In contrast, Medicare districts employ only one. That helps explain why Medicare’s nonbenefit expenditures require only 4 percent of benefit outlays while private plans expend far more — on the order of 20% for publicly traded companies and as much as 31% of premium for some. We are talking real money. A recent McKinsey Quarterly article found that medical care insurer billing consumes more than $300 billion a year, costing 15 percent or more of medical outlays. Medicare-for-all would make do on a sliver of that. (Harvard Medical School economist Rashi Fein tells the story of a former colleague working at a Montreal hospital, where three people processed bills there, primarily for traveling Americans. Later he worked at Chicago’s Michael Reese Hospital, where the billing facility, jammed with clerks at computers, stretched a football field’s length in two directions.)

Understand that Medicare uses private insurers to administer its program and pays private providers to deliver care; patients select their providers, a choice many private plans limit. Medicare confines its payments to a fee schedule it promulgates after receiving the advice of the Medical Payment Advisory Commission (MedPAC), which comprises a variety of practitioners and others. That price constraint reduces costs. But the big savings come from simplified billing/payment procedures.

In addition, Medicare delivers its benefits at lower cost than means-tested programs like Medicaid and the Children’s Health Insurance Program (CHIP). Absorbing all such programs (and there are many) into Medicare would save tens of billions more and speed up providing care.

Opponents dismiss Medicare-for-all as a “one-size-fits-all” formula. Well, who among us knows how to estimate when we or a family member will need medical care? Who among us can gauge when a heart attack may strike or a drunken driver will cross the median? In this world full of uncertainty, we all share the same need for assured medical care — that’s the size Medicare-for-all fits.

The Effects Of Conflicts Of Interest

Studies repeatedly show that medical care providers with ownership interests in labs and high-cost devices like computed tomography (CT) scan and magnetic resonance imaging (MRI) machines prescribe those services far more than those who do not own any. Medical societies should ban such conflicts of interest; if they don’t, Medicare, which attempts to curb them, should forbid them completely. That would save billions and confine providers to their proper role: treatment based on medical grounds uninfluenced by profit.
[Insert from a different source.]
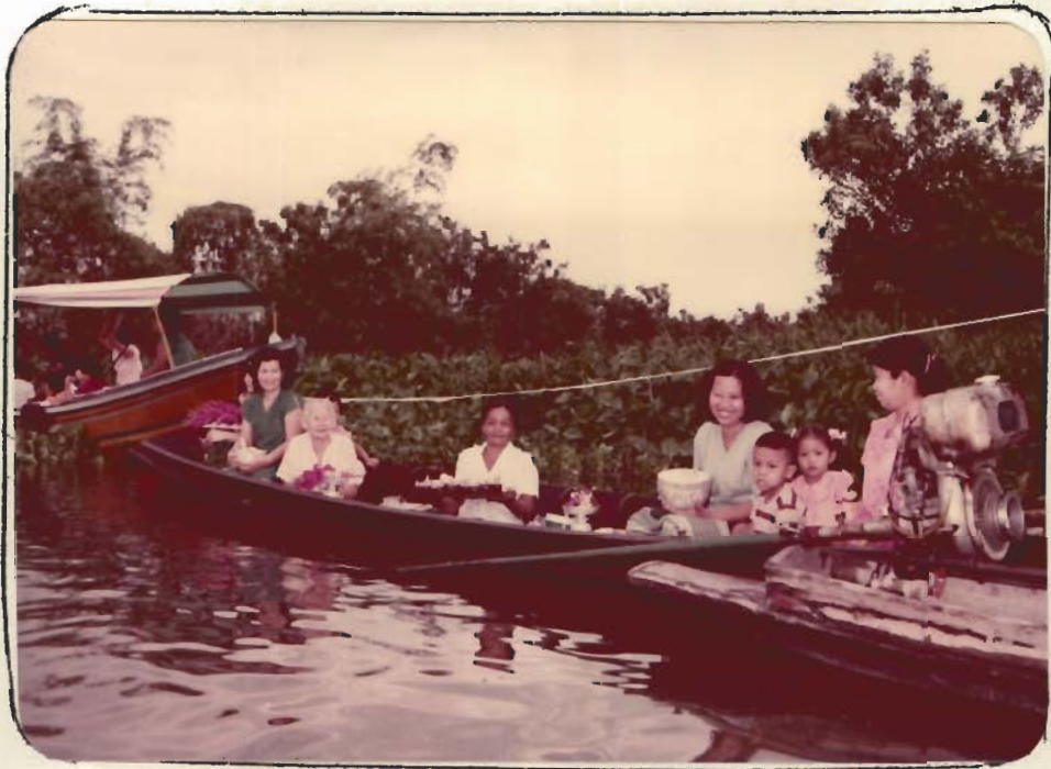
รูปที่ 1 เรือของพุทธศาสนิกชนจอดอยู่หลังแนวเขื่อน

So why do the Obama medical care gurus, Senator Baucus and Senator Grassley, and the Congressional Budget Office exclude Medicare-for-all, although it would save far more than any rival plan? In large measure, that results from the propaganda war on single-payer. President Obama says that it would be impractical to try to substitute Medicare for “legacy” private plans because so many are “accustomed to” them. But “accustomed to” simply does not describe plans that are melting down, disappearing, and becoming constantly more unaffordable.

Further, Medicare does not charge higher rates for pre-existing conditions or for elderly and female patients as private plans do, thereby encouraging employers to discriminate in employment. Moreover, with everyone covered for all needed medical care, the greater part of malpractice compensation — medical repair — would be met without the delay and expenses of medical malpractice disputes and litigation.

Yet the Obama, Baucus, Grassley, CBO, and other playlists exclude consideration of Medicare-for-all. With rising discomfort with the price tag of recovery programs, those desiring comprehensive health care cannot afford to disregard a program with such enormous savings. If Medicare-for-all gets “on the table” before the Senate Finance and House Ways and Means committees, the CBO must report its vast savings and its greater efficiency and effectiveness compared with more expensive alternatives. Only by censorship — only by treating Medicare-for-all as nonexistent — can lesser alternatives be discussed with a straight face.

And censorship is not compatible with science.